People were asking where I got my dress that I am wearing in the pic on this site. Well I can thank Lindsay Lohan for showing it to me! I saw her in it, and needed to have it. It’s also on sale – link below. You’re welcome bitches.

So, now that we are on a positive note with Lindz, let’s choose which Lindsay was best ever. I realized the best way to categorize her life is through her relationships. Sam Ronson Lindsay, Paris/Nicole Richie Lindsay, Aaron Carter Lindsay. Wilmer Lindsay…and so on…girl’s a slut.

It came down to these two phases:

1) Wilmer & Lindsay

wilmer_valderrama_lindsay_lohansdfdgd llohan3


2) Harry & Lindsay

Lindsay+Lohan+and+Harry+Morton london-harry-lindsay

Wilmer Lindsay seemed so happy and had just started to get into the party scene. So, she was a normal weight, not as corrupted, and her hair was a more natural color that she seemingly will never get back.
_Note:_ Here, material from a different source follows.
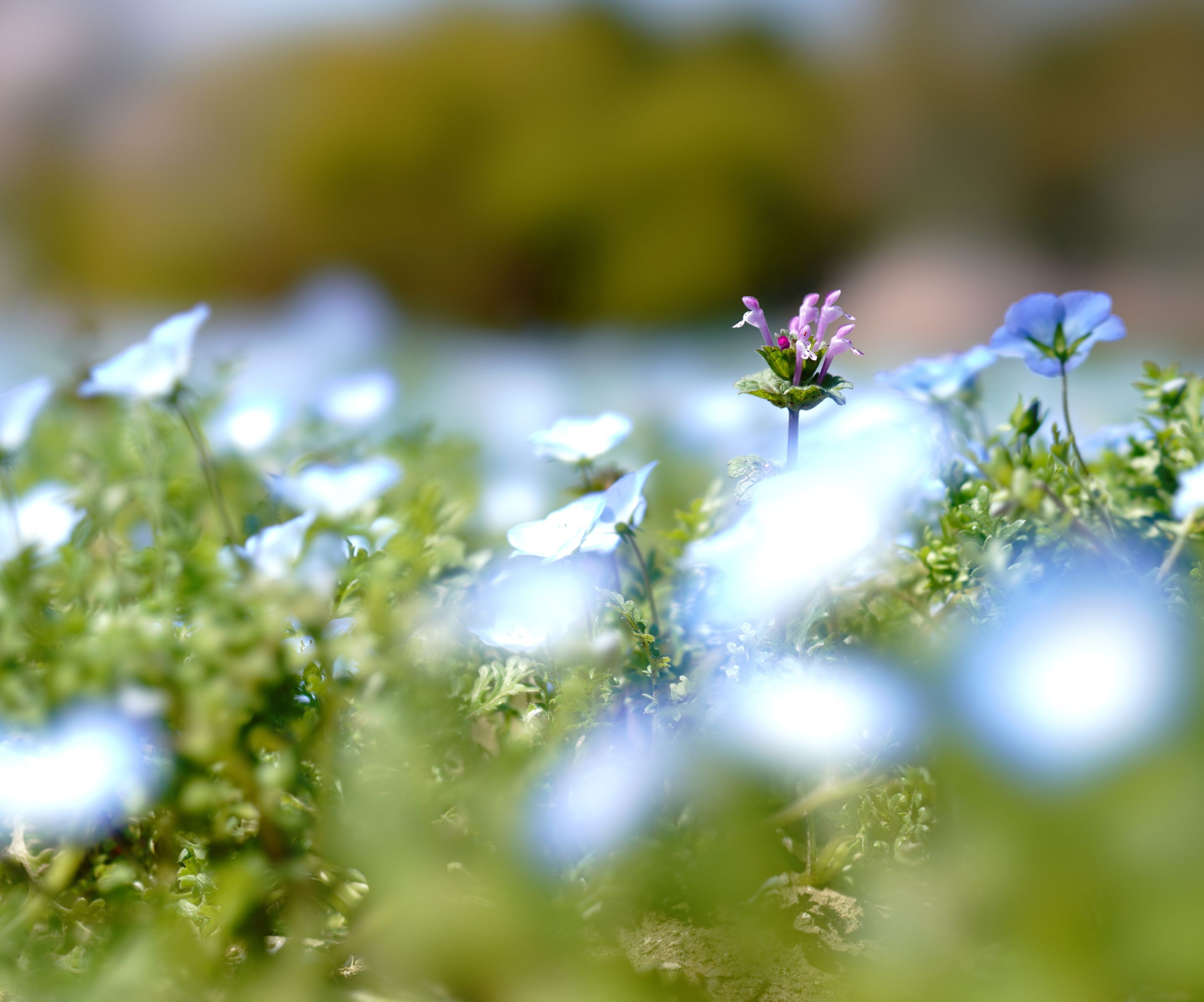 ネモフィラ畑のホトケノザさん、 なんか健気( *´艸`)♬
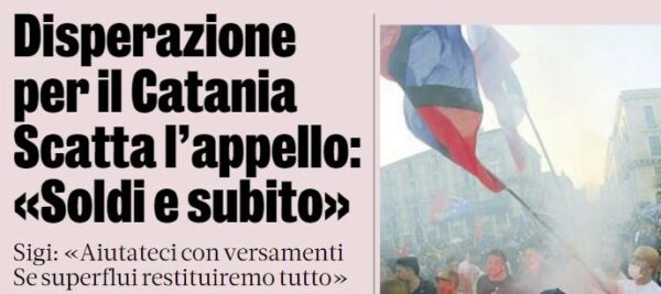 Appello della disperazione per il Catania come riporta l'edizione odierna de "La Gazzetta dello Sport". Il Catania ha bisogno di...

Harry Lindsay was a little more corrupted, but had gone through a minor weight loss where she looked bangin. I also was into this color of brown hair. Btw, still confused by who Harry Morton actually is. I know he was rich and opened a Taco place called “Pink Taco” which is perversely ingenius.

Moving along…if you google Lindsay Lohan, there are more awful pics that come up than good ones. Therefore, I came up with a game I would like to play called “I Spy: Lohan Edition.”


I spy:

1) Awful Extensions. Hey gurl, I can see where your real hair stops and the fake hair starts.

2) Are those sunglass strings hanging from your rearview mirror? Do you think you are rastafarian? Also…who hangs stuff from their mirrors anymore? I think I hung my high school tassle there for one day before I found it the most annoying cheesiest effing thing on earth. Hey everyone, I am 17 and just graduated high school! Come rob me!

3) The puffiest fucking face I have ever seen. Is it the drinking or is it far too many fillers?

4) WAY too much cat like eyeliner.

5) Plumped up lips that make her look like The Joker.

6) Lindsay Lohan behind the wheel.

7) A friend. Who knew?!


I Spy:

1) Vomit on my floor because I seriously just threw up.

2) If you put anything in that bag, ie a feather, her left arm is going to break the fuck off.

3) I seriously can’t even look at this picture for another second it’s making legit sick.

For the record. I still love this picture.


I Spy:

1) A wig.

2) A Mob Wife or Airforce Amy, can’t decide.

3) Eyebrows that are starting to become uneven…which means too many needles.

4) Quit it with the lips!!

5) I wonder who did her makeup. They should be fired. Her skin is like 8439240 different colors.


I Spy:

1) Hey remember that time I told you I started to see eyebrows at different levels?

2) Duck face. But not the good kind that I practice daily.

3) Even BIGGER lips.


I Spy:

1) Rotten teeth. The rest of the picture is irrelevant.

And for the saddest fashion moment EVER in Miss Lindsay’s life:


I Spy:

1) UMMM A BOBBY PIN PLACED EVER SO WEIRDLY IN HER HAIR?! Did someone forget to take it out? Was this on purpose? Did Lindsay think that this was normal/ok? I HAVE SO MANY QUESTIONS.

2) Self tanner placed ONLY around her eyebrows.

And finally…you know you have hit rock bottom when…

Your mug shot is better than all of the above paps shots.

HAVING SAID ALL THIS (curb), if you are obsessed with Lohan like I am, you know shes a gorgeous girl who has so much potential. Why the hell does she make herself look worse? Makes no sense but it sure is fun!

In addition, I would love to party with her. It would be wild, for cereal. That is, until she has a paranoid freak out attack while locked in a bathroom stall and crying over some loser from The Wanted.

Anyway, I don’t know about you, but I cannot wait for the media debacle that is going to occur when The Canyons is released. It’s basically a low budget porn starring LiLo that I just found out is NOT supposed to be a joke. I repeat, not a joke.